In a book based on more than 200 interviews conducted over 18 months, Vanity Fair writer at large Brenner creates a tense, stirring picture of the impact of Covid-19 on New York-Presbyterian Hospital’s campuses in New York City, Westchester County, and the Hudson Valley. In the first months of the pandemic, the city’s “most elite hospital system” faced frustration and uncertainty. Little was known about the disease’s cause, treatment, and prognosis; hospitals faced a stunning lack of supplies; doctors and nurses were overwhelmed and grief-stricken by deaths they could not prevent; and they were constantly undermined by decisions at the federal, state, and city levels.
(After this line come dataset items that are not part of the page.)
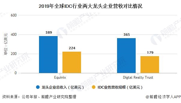 具体从全球IDC行业的龙头企业-Equinix、Digital Realty Trust来看,2019年,两家公司分别实现营收389亿元和365亿元。其中,Equinix在IDC业务方面实现营收224亿元,占总营收比重的57.6%;Digital Realty Trust在IDC业务方面实现营收179亿元,占总营收比重的49%。因此,从营收情况来看,Equinix占据优势。
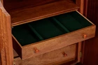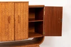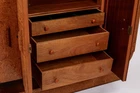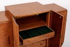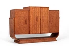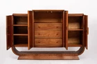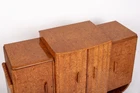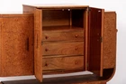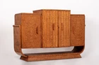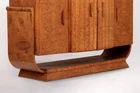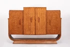 This exceptional English Art Deco elm wood bar cabinet or sideboard is circa 1930. The cabinet is expertly handcrafted and features stunning Carpathian elm wood grain with a “skyscraper” breakfront design with a taller central section and two lower side sections floating over a u-shaped base. The center section features double rounded and fluted doors opening on open top storage over three drawers with hand-dovetail joint construction and original Bakelite floral drawer pulls. The top drawer has original felt lining. Two flanking side doors open on large storage compartments with two removable shelves on the left and one removable shelf on the right. The cabinet has distinctive original sculpted wooden handle pulls and working key is included. This collectible and versatile cabinet can be used as a bar cabinet, sideboard or credenza, storage cabinet, media console, etc. The perfect showpiece for home or office. CONDITION Excellent vintage condition with wear consistent with age and use and an antique appearance. Interior drawers show minor gapping expected with age, but function properly. DIMENSIONS W 63.5" x D 21" x H 42.375" SHIPPING In cases in which free delivery is offered, some exceptions based on item and based on buyer location do apply. Please contact us prior to purchase for details. Free local pickup. Local delivery available for a small fee.
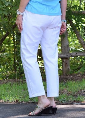 And it worked out well. Almost all is hand-stitched with Coats and Clark Button Craft thread.... double strands for inner construction stitches, and single strand for the flat-felled seams with machine-stitched turned down casing for 1" elastic at the waist.
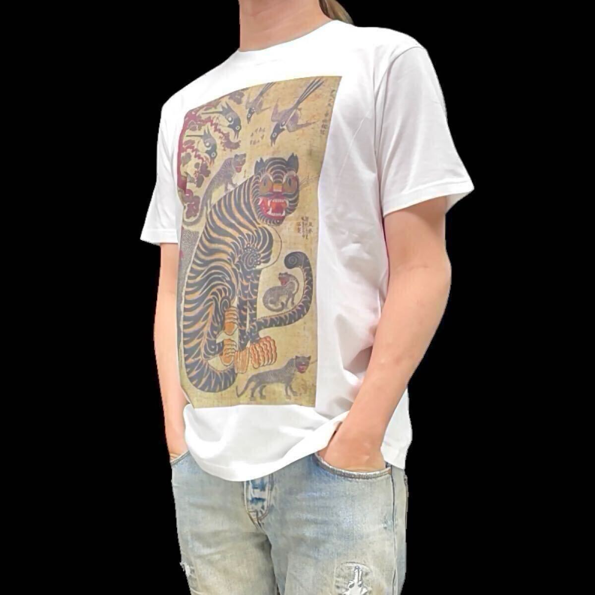 - 新品 ビッグプリント 朝鮮民画 19世紀ヴィンテージ レトロ 韓国 魔よけ絵 アジア アート 虎図 トラ タイガー Tシャツ ユニセックス Sサイズ

The CDC’s “antediluvian” structures made the agency unable “to quickly gather, process, and interpret data,” and states were forced to compete for supplies. When FEMA sent ventilators, they turned out to be old and broken. By mid-March, the hospital had 90,000 masks on hand, a number it needed each day. In its search for protective gear, the hospital found a “profiteering and counterfeit market” allowed to flourish because of a lack of federal leadership. Tests, when they could be found, were unreliable, but the CDC and the Trump administration refused to authorize the import of reliable tests from outside the U.S. As late as June, with cases in New York City soaring, doctors and nurses were unable to get tests for themselves; even when available, processing them “was chaos.” Brenner reveals, as well, the conflicts between staff and “their corporate masters,” who punished health providers if they spoke out about the hospital’s challenges and failures. The author’s probing investigation includes animated profiles of a large cast of characters, creating a palpable sense of trauma, pain, and vulnerability in what one cardiologist characterized as nothing less than war. The casualties, Brenner shows, encompassed far more than the patients who died.

A potent cautionary tale for pandemic preparedness.